Home ›› 01 Feb 2023 ›› Editorial
The finance ministry at the meeting of the Fiscal Co-ordination Committee last month presented its projection of a quantum leap in the forex exchange reserves in the coming June. The month of January had been predicted as a potential game-changer by the high-ups of the government. But the month of January has gone by without any change in the economy of the country. Central currency reserves continued to dip making it difficult for businesspersons to cope with the situation.
As per the projection of the Finance Division of the Finance Ministry, the foreign exchange reserves would stand at $37.7 billion in the coming June which the leading economists of the country nullified instantly terming it as unrealistic. Zahid Hussain, a former lead economist of the World Bank’s Dhaka office told the media: “This is unrealistic. If the reserves have to increase to that extent the Balance of Payment (BoP) must be in surplus: the surplus in the financial account must overcome the deficit in the current account.”

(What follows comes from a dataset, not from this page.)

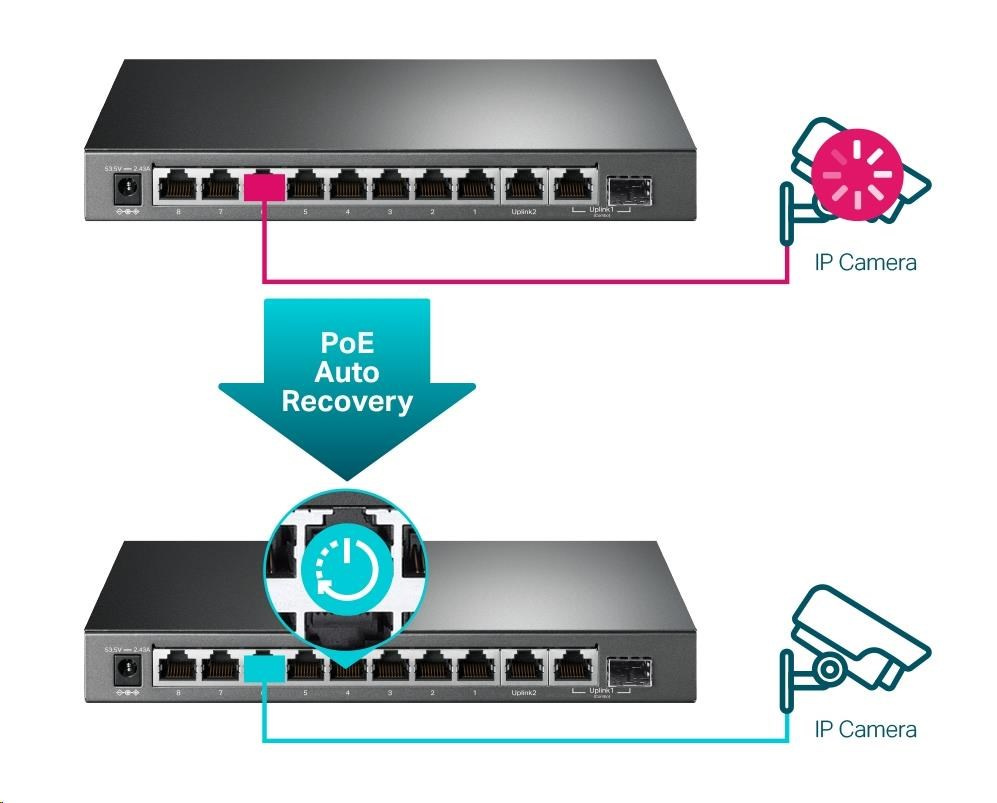 TP-Link CCTV Easy Smart switch TL-SG1210MPE (8xGbE, 1xGbE uplink, 1xGbE/SFP combo uplink, 8xPoE+, 123W, fanless)

He stated that if both are in deficit at the moment; how the overall BoP will turn to surplus is not clear. The government projection of the increase in the foreign exchange reserves does not match the views and opinions of the renowned and leading economists in the country. The situation reminds us of the same overreaching message of the government two months before January. It is the same harping on the same topic without any visible change in the economic life of the people. We will go back to square one.
The other features and factors of the economy tell us the same story. Economist Ahsan H Mansur told the media that conglomerates had already lost Tk65, 000 crore because they have to buy the greenback at an exuberant price due to the volatility of the market. The economist said this at a roundtable discussion titled ‘Monetary Policy 2022-23’ organised by the Chartered Accountants (ICAB) in the capital. Even the central bank data shows that the taka has been devalued by 25 per cent due to the Ukraine-Russia war that began in February last year.
We hope that the projection of the government will come true. We also hope that the economy of the country will get back on the right track again.
We feel that the government needs to locate the loopholes that are weakening our economy and standing in the way of our development. A serious economic parley between the government and the various stakeholders and leading economists might come to a conclusion with some realistic and prudent measures to save the economy from collapse.
We don’t think our country will meet the fate of Sri Lanka. We have our dedicated workers sending remittances regularly to our country. We have a booming agricultural sector that is contributing to our economy every year, though marginalised people are most of the time deprived of their rights and finally we have also the garment sector that continues to be to a huge foreign exchange earner.
If we can tap all the potential of the country we will not have to look back. We need a comprehensive measure in every field where we have our potential and some realistic measures to keep the economy stable by swelling our forex reserves. There is no alternative. We have still time to march forward with whatever we have and realistic measures taken by the government are essential.